LACMTA Rail Ridership Update – July 2014

Another three months have passed, so it’s time for another look at LACMTA rail ridership. Here’s the last three years of raw data, and the rolling 12-month average for weekday boardings.

wkdy-12mo-201407 rawdata-201407

For weekday ridership, Blue Line ridership picked up a little from lows earlier this year, but the Green Line slipped a little. The Gold Line more or less held steady.

After a couple years of solid ridership gains, the Red Line has dropped off quite a bit in 2014. This might be due to the fare gate locking program resulting in fewer scofflaw riders.

Weekend ridership largely reflected the same trends as weekday ridership, with the exception of the Gold Line, which has seen considerable weekend ridership growth over the last 9 months or so. This may be due to the more frequent weekend service that Metro started running in 2013.

The star is the Expo Line again. After leveling off in the second half of 2013, weekday Expo Line ridership resumed its climb in the first half of 2014. In terms of boardings per route mile, the Expo Line, in its third year of operations, is now at about 90% of the utilization of the Blue Line – 3,603 boardings per mile for Expo, and 3,978 for Blue. The Expo Line achieves greater boardings per mile than any other modern LRT system in the country, and hit that level of ridership in less than year.

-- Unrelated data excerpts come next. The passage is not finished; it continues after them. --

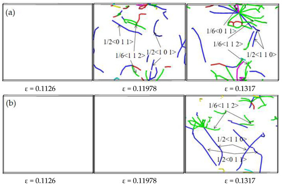 To reveal the changes in the type of dislocations occurring in the compressive deformation of Ti/Al layered composites, the dislocation extraction function [20] in the visualization software OVITO is used for the analysis. The evolution of the type of dislocations produced during compression is shown in Figure 4. It is found that 1/6<211> and 1/6<112> dislocations are generated during compression. The dislocations are concentrated on the Al side initially, and the 1/2<101> and 1/6<211> dislocations cross the interface from the Al side to the Ti side.
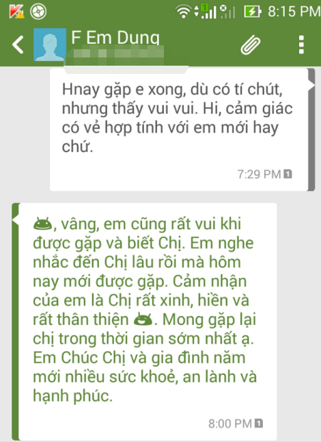 Giữa những buồn phiền đó, tôi bỗng gặp nụ cười em, như một vệt nắng mai trong trẻo. Em, một cô bé trông rất cá tính và vô cùng có duyên, một cô em cùng tên và tôi nghĩ là sống rất được. Em nhắn cho tôi cái tin trong đó có một từ cực kỳ ưu ái mà hình như chưa ai nói với tôi bao giờ. Có lẽ ánh sáng lấp lánh mờ ảo và hương bia đượm thấm trong mắt em đã khiến em nhìn tôi ra như vậy. Dù sao cũng có chút ấm áp nhè nhẹ xen giữa một ngày kết thúc bằng vị đắng. Nhớ thế chiếc dây da đã gắn bó với cổ tay mình bao lâu nay. Có lẽ sẽ không bao giờ gặp lại. Ngủ ngoan và cho tao xin lỗi, mày nhé!
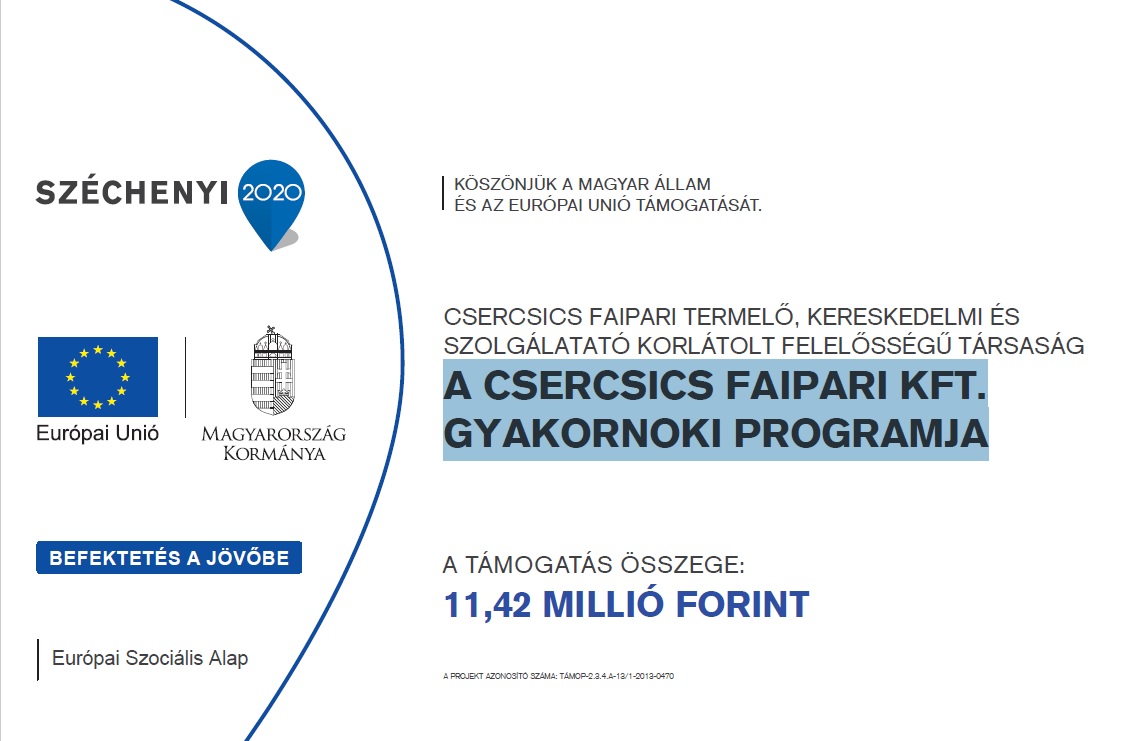 SZERZŐDŐ NEVE: Csercsics Faipari Termelő, Kereskedelmi és Szolgáltató Korlátolt Felelősségű Társaság
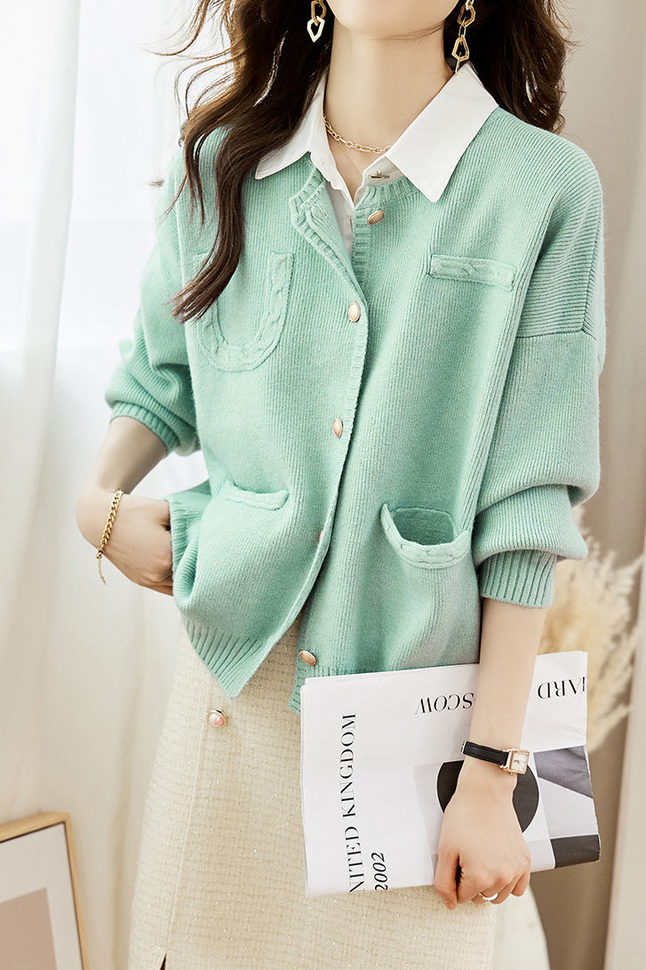 Casual Versatile Crew Neck Solid-Color Knitted Cardigan Coat
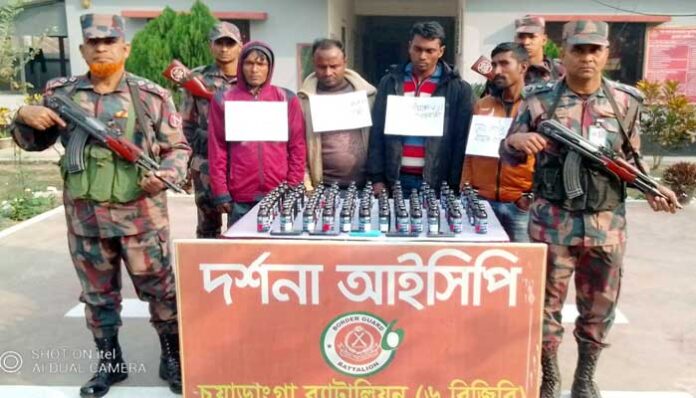 আটককৃতরা হলেন- জয়নগর গ্রামের ইজাজুল হকের ছেলে জিয়ারুল ইসলাম (২১), মৃত আলামিন শেখের ছেলে হাসমত আলী (৩৫), দিল মোহাম্মদের ছেলে মাহবুবুর রহমান (২৬), আইয়ুব আলীর ছেলে লাল্টু শেখ (৩৬), ও আজল আলীর ছেলে মিনারুল ইসলাম (২৩)।
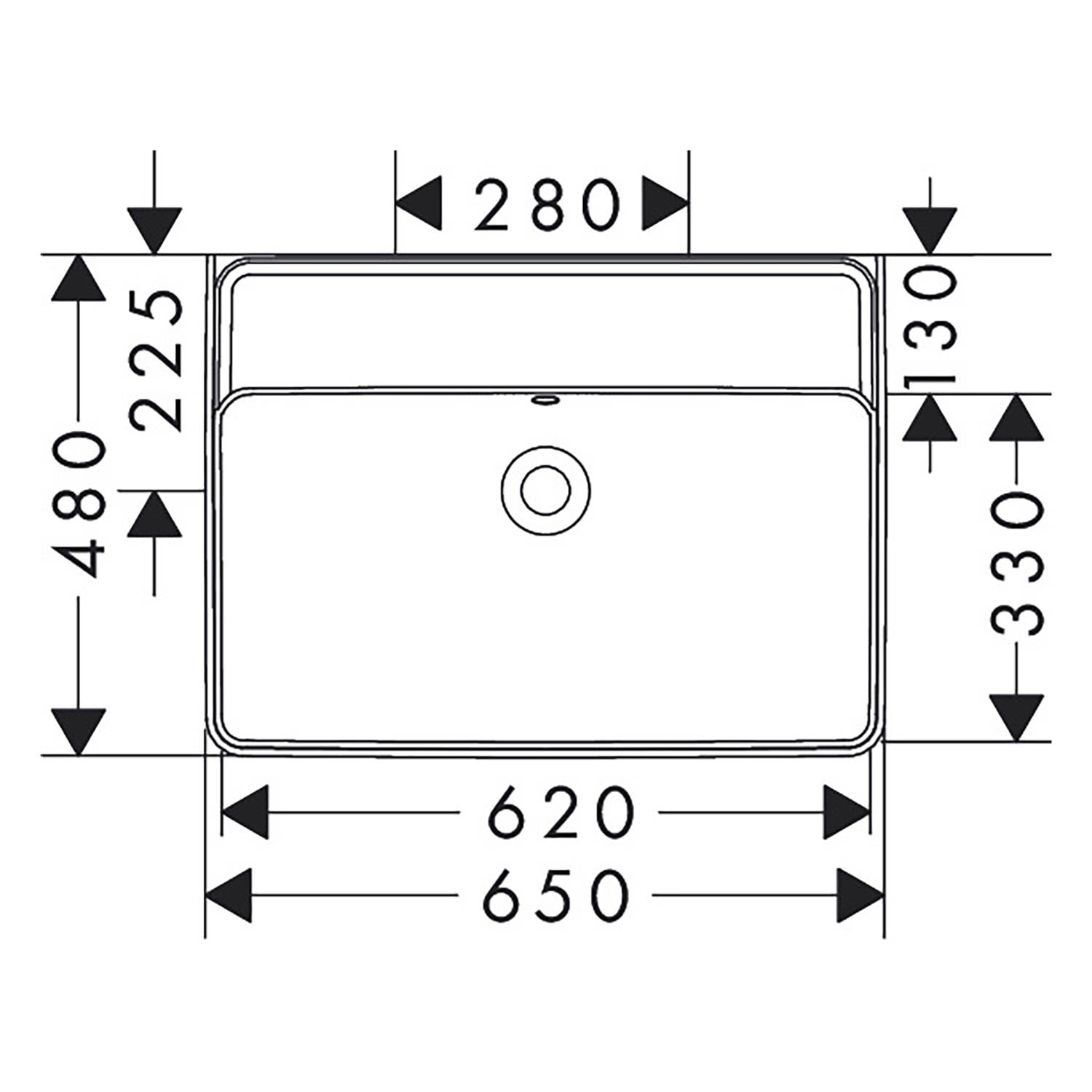 hansgrohe Xanuia Q Aufsatzwaschtisch geschliffen 650/480 ohne Hahnloch mit Überlauf
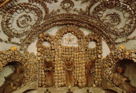 the bones of hundreds of capuchin monks. note the arches against the wall, comprised
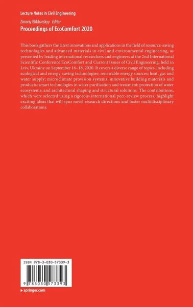 This book gathers the latest innovations and applications in the field of resource-saving technologies and advanced materials in civil and environmental engineering, as presented by leading international researchers and engineers at the 2nd International Scientific Conference EcoComfort and Current Issues of Civil Engineering, held in Lviv, Ukraine on September 16-18, 2020. It covers a diverse range of topics, including ecological and energy-saving technologies; renewable energy sources; heat, gas and water supply; microclimate provision systems; innovative building materials and products;…mehr
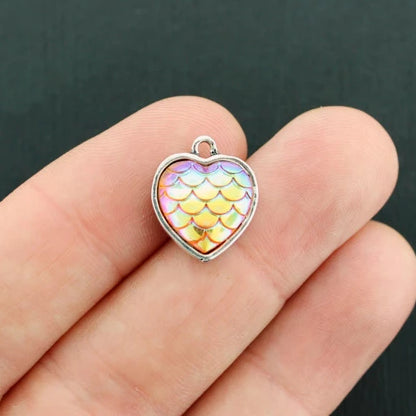 Pink and gold heart mermaid scale antique silver tone zinc alloy and resin charms.
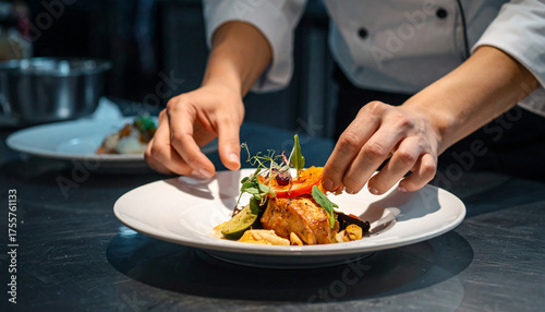 Chef plating gourmet dish in dark kitchen with spotlight on hands

wkdy-bpm-12mo-201407 rawdata-bpm-201407

It seems possible that when Expo Phase 2 opens, the Expo Line will become LA’s most productive LRT line by boardings per mile. And of course, Regional Connector is only going to strengthen the LRT network’s appeal.


7 thoughts on “LACMTA Rail Ridership Update – July 2014

  1. Pingback: Today’s Headlines | Streetsblog Los Angeles

  2. Erik Griswold

    I find it very interesting that the line that goes from nowhere to nowhere (Green) and has at its best a 15 minute headway (and goes to 20 off-peak) has equal ridership with the line (Gold) that has “stimulated development” and runs on 6 minutes headways at peak then 10 late before running a 20 minute service late at night.

    1. Fakey McFakename

      Green goes from nowhere to nowhere 100% grade separated. Gold goes from somewhere to somewhere-ish (Union Station isn’t ideal for most commuters, hence the RC) with a painfully slow segment along Marmion Way. For commuters, speed matters. Metro really needs to work on progressively increasing grade separations and signal priorities – on Marmion Way for the Gold Line, between Pico and USC on Expo, and pretty much everywhere on Blue. Rapid transit needs to be rapid. Making it so has taken a back seat to system expansion so far, but Metro should take a serious look at it in a measure R2.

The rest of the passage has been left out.